V.      MAINTENANCE AGREEMENT — COPIERS. In the case of copiers (other than a model using cartridge system), it is a condition of sale that service will be provided under the terms of the Equipment Purchase Order and Service Agreement at the copy charge rates appropriate for the model being purchased. Copy of Agreement to be signed at time of installation. Cantec.ie reserves the right to revise prices as it deems necessary. 

VI.    MAINTENANCE AGREEMENT — OTHER PRODUCTS. Service Agreements must be signed for all other products and additional costs where applicable will be automatically invoiced and due for payment within 30 days of delivery.

VII.   TITLE OF GOODS. Title of all goods shall not pass until the goods are paid for in full. Risk in the goods shall pass on delivery.

VIII.  LOSS OR DAMAGE. Save as herein expressly provided, Cantec.ie shall not be liable for any consequential or other loss, damage, injury, or expenses whatsoever arising out of the use of the goods or programs or documentation necessary for the inception of specially written programs or for faults (if any) arising out therein, and the Client shall indemnify Cantec.ie against such and every claim by any party in respect thereof.

IX.     FORCE MAJEURE. Every effort will be made to carry out the contract, but its due performance is subject to cancellation by Cantec.ie or to such variation as we may find necessary as a result of inability to secure labour, materials, supplies as a result of any Act of God, War, Strike, Lockout or other labour dispute, fire, flood, drought, legislation or such other cause (whether of the foregoing class or not) as may be agreed by the Client.

X.      CANCELLATION. Orders, including Service Agreement Contracts to run uninterrupted for a period of no longer than five years, accepted by Cantec.ie cannot be cancelled by the Client except upon terms which will indemnify us against any actual or anticipated loss and expenses, including Fitted Parts.

XI.     All orders are subject to final acceptance by the Board of Directors of Cantec (Galway) Ltd. and to Cantec.ie’s Standard Terms and Conditions.


1)     In consideration of Cantec.ie supplying to the Client the Copier listed and providing all necessary maintenance service under clause 4 (together the 'Services'), the Client agrees to purchase the agreed monthly copy volume per copier quarterly in advance at the agreed price per copy (as specified in the Schedule herein). The Client shall pay for the copies within 30 days from the date of Cantec.ie's invoice. Additional copies used during any six month period will be charged at the then current rate. Copy charges are based on A4 size, sizes larger than A4 being charged as two copies.

2)     Following installation in accordance with clause 4, the Copier will remain the property or Cantec.ie and the Client shall be absolutely liable for any accidental damage to or loss of the Copier.

3)     If the Client wishes to purchase a larger or smaller monthly copy volume at a varied price per copy, such varied volume will become the agreed monthly copy volume, subject to the prior written agreement of Cantec.ie.
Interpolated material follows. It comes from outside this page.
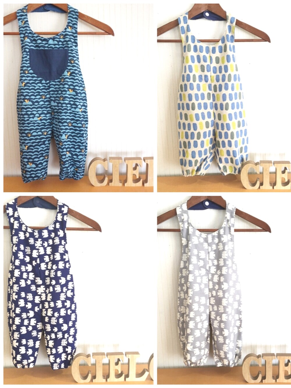 いろいろな生地で制作したサロペットです♫♩ 動き回るはいはい期から着せやすいパンツタイプで、首後ろのスナップボタンをとめるだけなので重ね着していてもオムツ替えができます☻☻ 背中と足周りがゴムのゆったりとしたデザインではいはい期~2歳くらいまで長い間着ていただけます♫

4)     Cantec.ie will, as appropriate, install the Copier, instruct the Client's key operators in the use of the Copier and provide necessary maintenance service including replacement parts and labour. Such maintenance service will be provided during normal working hours for all models (normal working hours being 08.30 to 17.00 Monday to Friday, excluding public holidays) as soon as may be reasonably possible subject to unavoidable delays and excluding calls for routine maintenance and minor adjustments. Any such maintenance service which is required outside normal working hours or which in Cantec.ie's opinion is required as a result of misuse, wilful act or negligence will be invoiced at Cantec.ie's commercial rates. Without prejudice to any other remedies available to it, Cantec.ie reserves the right to suspend its services if the Client shall default for more than 30 days in payment of Cantec.ie's invoice(s).

5)     The duration of the Agreement is sixty months starting from the first day of the calendar month following installation or the date of signature hereof by the Client whichever is the later and will continue thereafter from year to year, subject to termination at the end of such period or any subsequent year by either party giving the other at least 90 days notice in writing.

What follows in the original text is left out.